Required work >>
Could you copy exactly the lines below, beginning at the line with "С 2021 года" and stopping after the line with "Girls Straight Denim", with no pictures?

Data for this task >>
---*---

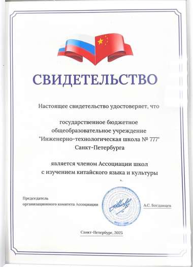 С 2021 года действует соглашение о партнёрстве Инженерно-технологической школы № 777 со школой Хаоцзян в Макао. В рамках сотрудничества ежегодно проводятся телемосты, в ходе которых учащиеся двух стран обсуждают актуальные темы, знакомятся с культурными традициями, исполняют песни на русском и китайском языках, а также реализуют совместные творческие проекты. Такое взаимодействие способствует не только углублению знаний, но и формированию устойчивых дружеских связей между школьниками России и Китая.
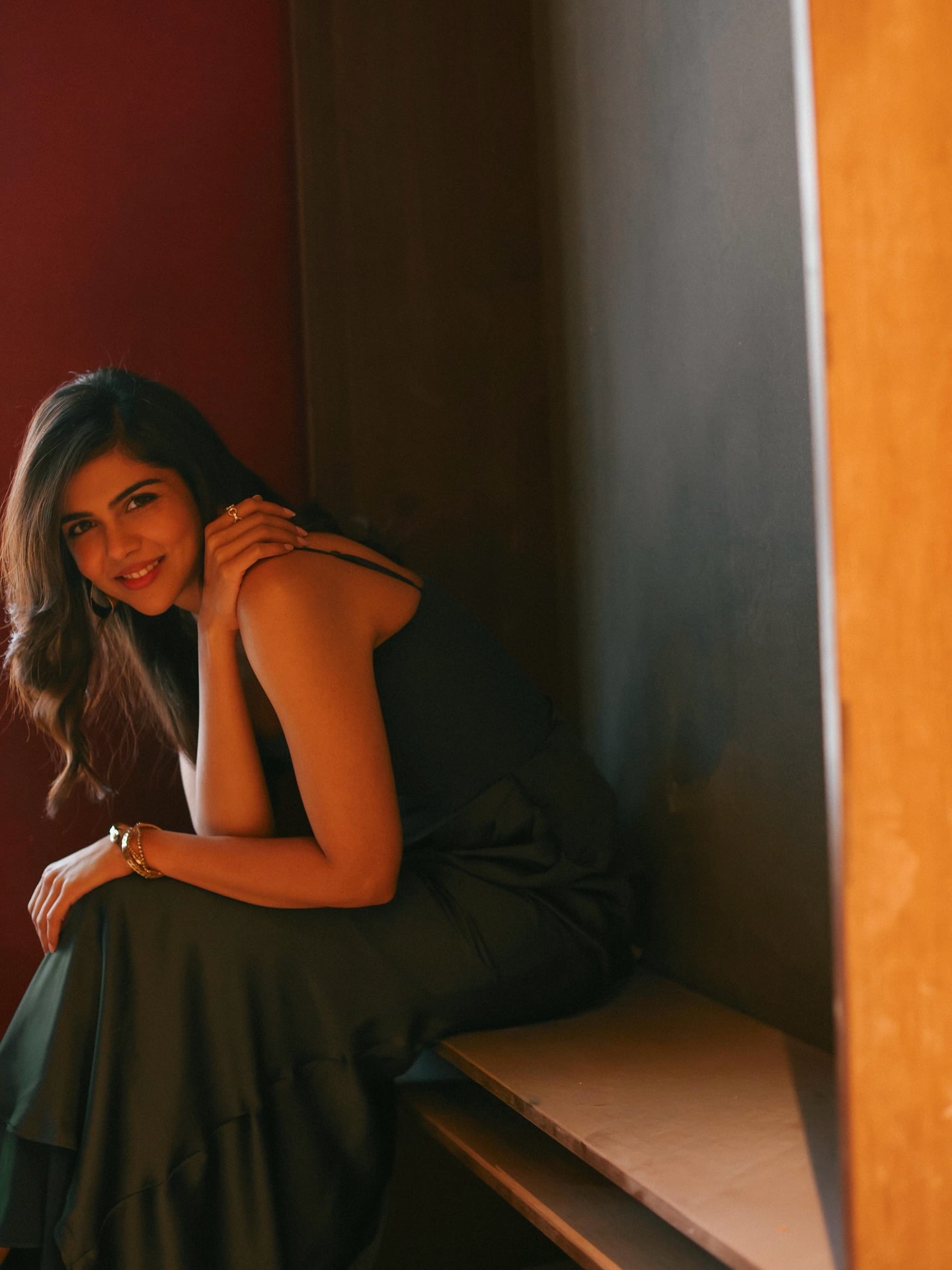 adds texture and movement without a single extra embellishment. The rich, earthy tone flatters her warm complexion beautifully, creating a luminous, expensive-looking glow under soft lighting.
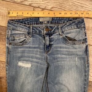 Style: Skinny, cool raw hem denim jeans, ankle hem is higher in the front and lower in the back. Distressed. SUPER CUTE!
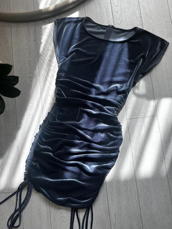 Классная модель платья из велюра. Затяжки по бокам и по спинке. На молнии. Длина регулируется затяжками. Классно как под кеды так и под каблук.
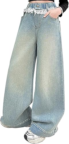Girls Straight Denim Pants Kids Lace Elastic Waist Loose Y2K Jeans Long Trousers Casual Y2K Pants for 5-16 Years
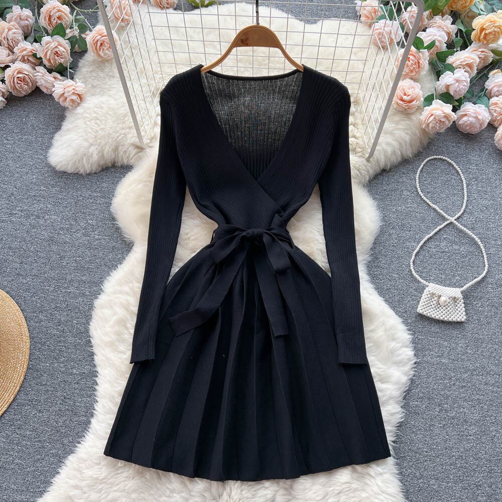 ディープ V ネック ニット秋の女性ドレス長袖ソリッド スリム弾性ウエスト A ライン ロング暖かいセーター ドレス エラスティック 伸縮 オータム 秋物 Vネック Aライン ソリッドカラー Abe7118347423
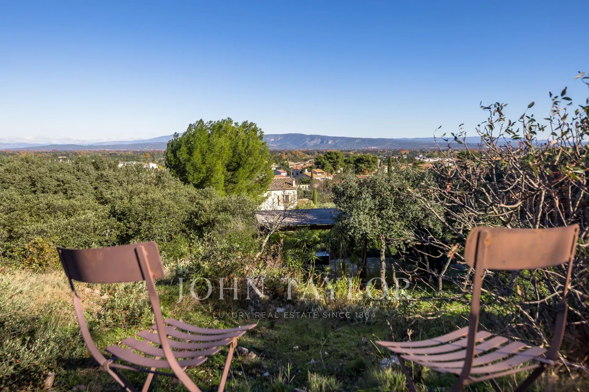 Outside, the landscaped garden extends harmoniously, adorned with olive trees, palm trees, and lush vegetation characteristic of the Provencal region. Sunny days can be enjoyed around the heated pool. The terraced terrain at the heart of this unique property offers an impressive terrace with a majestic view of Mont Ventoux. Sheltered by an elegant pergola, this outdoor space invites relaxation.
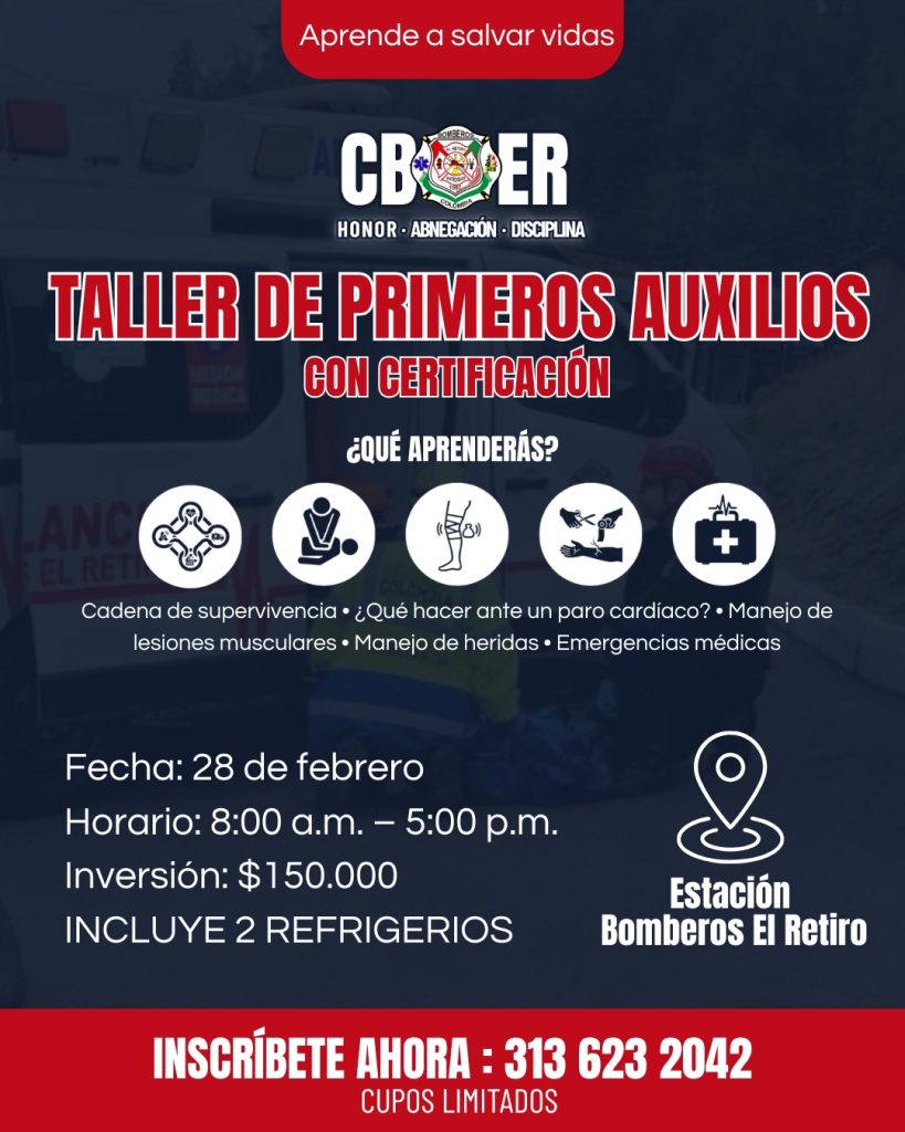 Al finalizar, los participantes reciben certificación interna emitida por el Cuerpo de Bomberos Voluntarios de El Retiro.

---*---

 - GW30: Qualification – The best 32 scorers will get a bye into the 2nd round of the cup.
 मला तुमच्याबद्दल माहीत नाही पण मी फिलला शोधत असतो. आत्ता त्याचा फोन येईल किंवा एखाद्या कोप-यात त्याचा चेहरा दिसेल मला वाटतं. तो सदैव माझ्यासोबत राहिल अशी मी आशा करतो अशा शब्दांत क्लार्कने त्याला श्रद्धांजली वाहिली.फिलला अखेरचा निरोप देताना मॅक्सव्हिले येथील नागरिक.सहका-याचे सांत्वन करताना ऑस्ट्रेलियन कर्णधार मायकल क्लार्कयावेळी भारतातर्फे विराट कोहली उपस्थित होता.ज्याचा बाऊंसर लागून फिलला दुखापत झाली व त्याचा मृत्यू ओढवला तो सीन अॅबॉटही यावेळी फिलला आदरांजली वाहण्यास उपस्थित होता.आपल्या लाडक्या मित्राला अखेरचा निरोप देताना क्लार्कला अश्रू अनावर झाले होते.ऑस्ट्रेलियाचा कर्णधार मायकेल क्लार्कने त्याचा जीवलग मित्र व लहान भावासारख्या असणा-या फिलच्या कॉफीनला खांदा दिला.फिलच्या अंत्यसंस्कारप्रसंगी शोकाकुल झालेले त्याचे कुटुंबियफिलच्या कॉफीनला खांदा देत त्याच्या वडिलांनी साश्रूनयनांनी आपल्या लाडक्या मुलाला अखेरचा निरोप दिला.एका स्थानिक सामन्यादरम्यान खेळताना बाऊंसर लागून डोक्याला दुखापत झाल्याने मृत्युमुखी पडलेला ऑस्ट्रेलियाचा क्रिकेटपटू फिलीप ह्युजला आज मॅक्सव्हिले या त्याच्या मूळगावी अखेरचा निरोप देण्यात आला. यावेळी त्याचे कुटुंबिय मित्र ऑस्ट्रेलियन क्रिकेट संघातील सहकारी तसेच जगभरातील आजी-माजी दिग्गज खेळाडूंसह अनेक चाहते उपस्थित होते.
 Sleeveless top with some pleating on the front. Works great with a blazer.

---*---

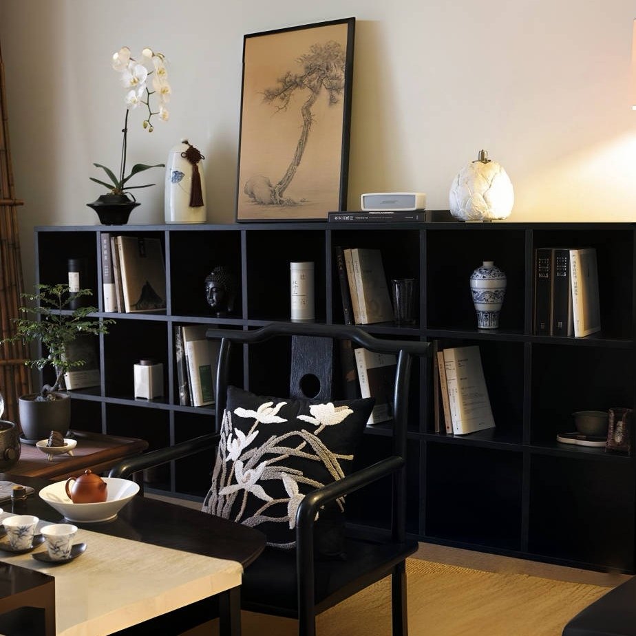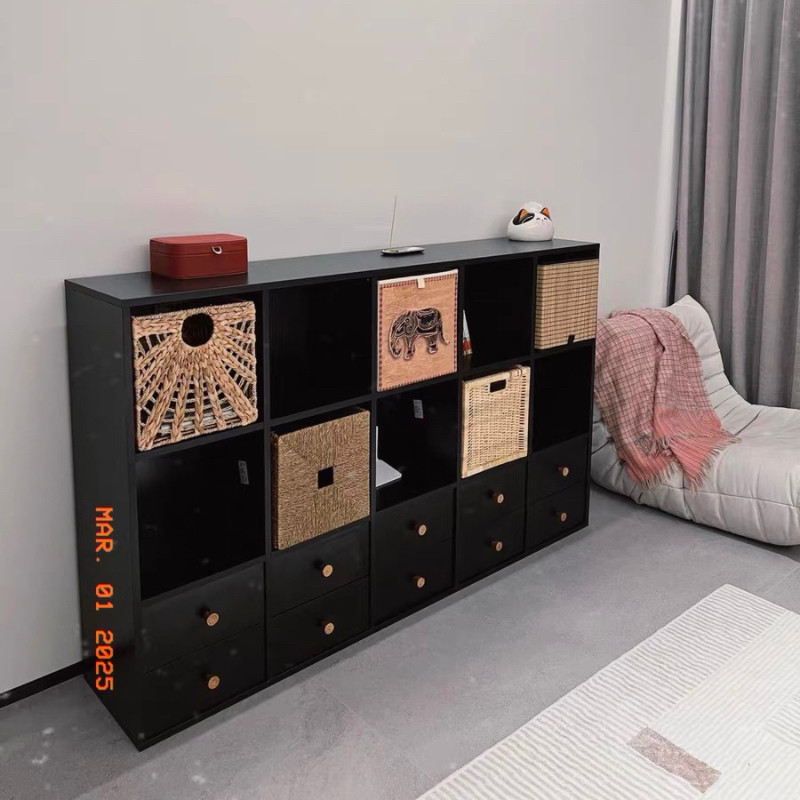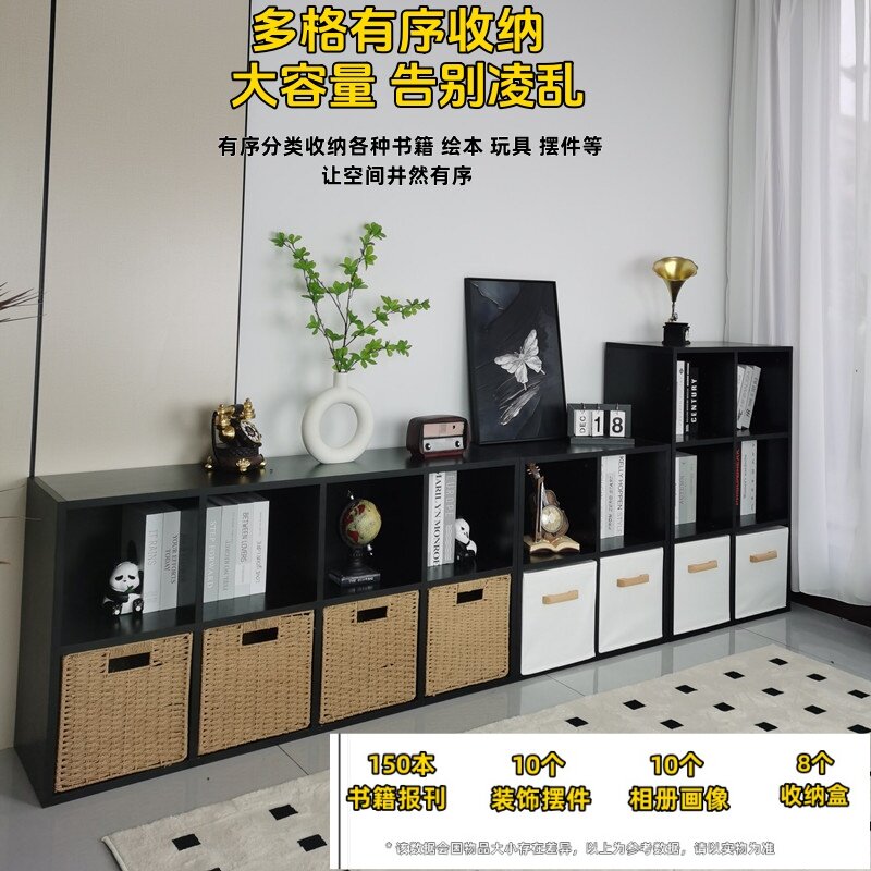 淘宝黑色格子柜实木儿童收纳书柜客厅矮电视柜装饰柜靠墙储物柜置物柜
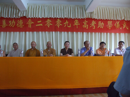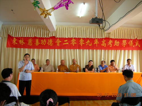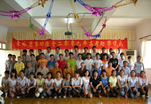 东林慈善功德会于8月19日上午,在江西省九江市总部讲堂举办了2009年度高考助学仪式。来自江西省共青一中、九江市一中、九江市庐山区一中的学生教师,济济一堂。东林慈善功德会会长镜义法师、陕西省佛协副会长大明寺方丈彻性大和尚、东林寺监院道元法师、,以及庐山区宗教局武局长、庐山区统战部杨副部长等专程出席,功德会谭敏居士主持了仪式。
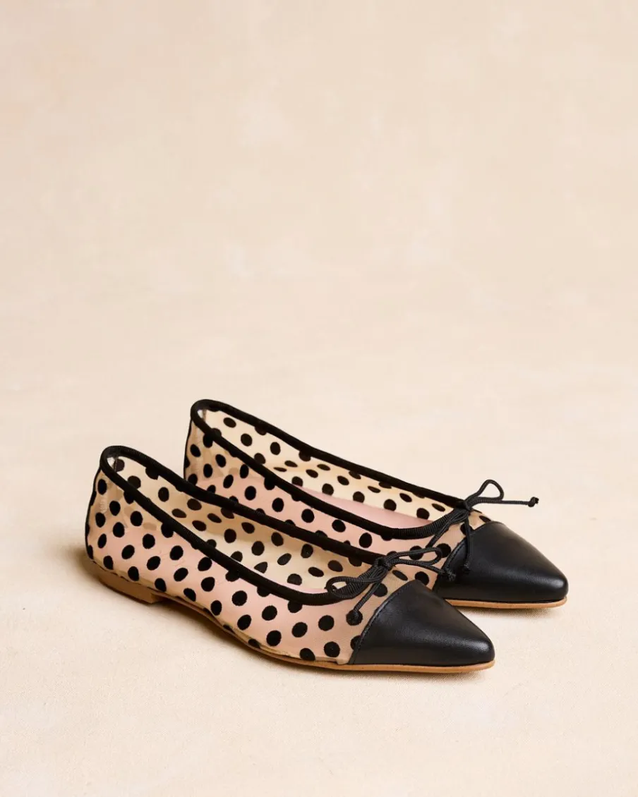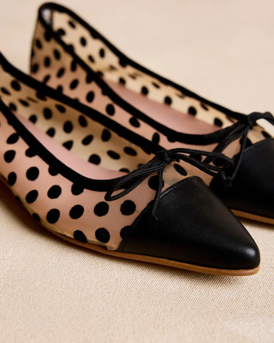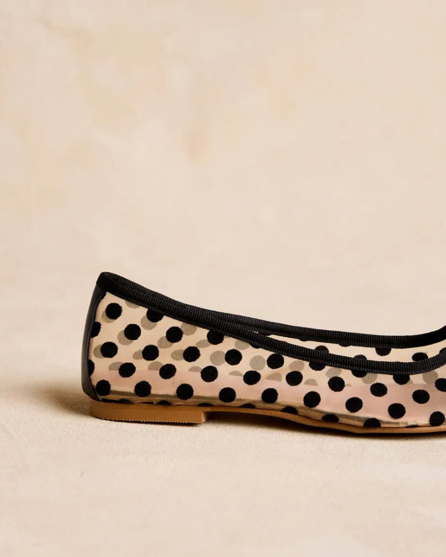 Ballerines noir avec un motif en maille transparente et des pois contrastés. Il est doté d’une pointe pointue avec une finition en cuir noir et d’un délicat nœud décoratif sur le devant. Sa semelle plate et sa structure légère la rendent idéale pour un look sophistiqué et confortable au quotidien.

---*---

Exercise result >>
 С 2021 года действует соглашение о партнёрстве Инженерно-технологической школы № 777 со школой Хаоцзян в Макао. В рамках сотрудничества ежегодно проводятся телемосты, в ходе которых учащиеся двух стран обсуждают актуальные темы, знакомятся с культурными традициями, исполняют песни на русском и китайском языках, а также реализуют совместные творческие проекты. Такое взаимодействие способствует не только углублению знаний, но и формированию устойчивых дружеских связей между школьниками России и Китая.
 adds texture and movement without a single extra embellishment. The rich, earthy tone flatters her warm complexion beautifully, creating a luminous, expensive-looking glow under soft lighting.
 Style: Skinny, cool raw hem denim jeans, ankle hem is higher in the front and lower in the back. Distressed. SUPER CUTE!
 Классная модель платья из велюра. Затяжки по бокам и по спинке. На молнии. Длина регулируется затяжками. Классно как под кеды так и под каблук.
Girls Straight Denim Pants Kids Lace Elastic Waist Loose Y2K Jeans Long Trousers Casual Y2K Pants for 5-16 Years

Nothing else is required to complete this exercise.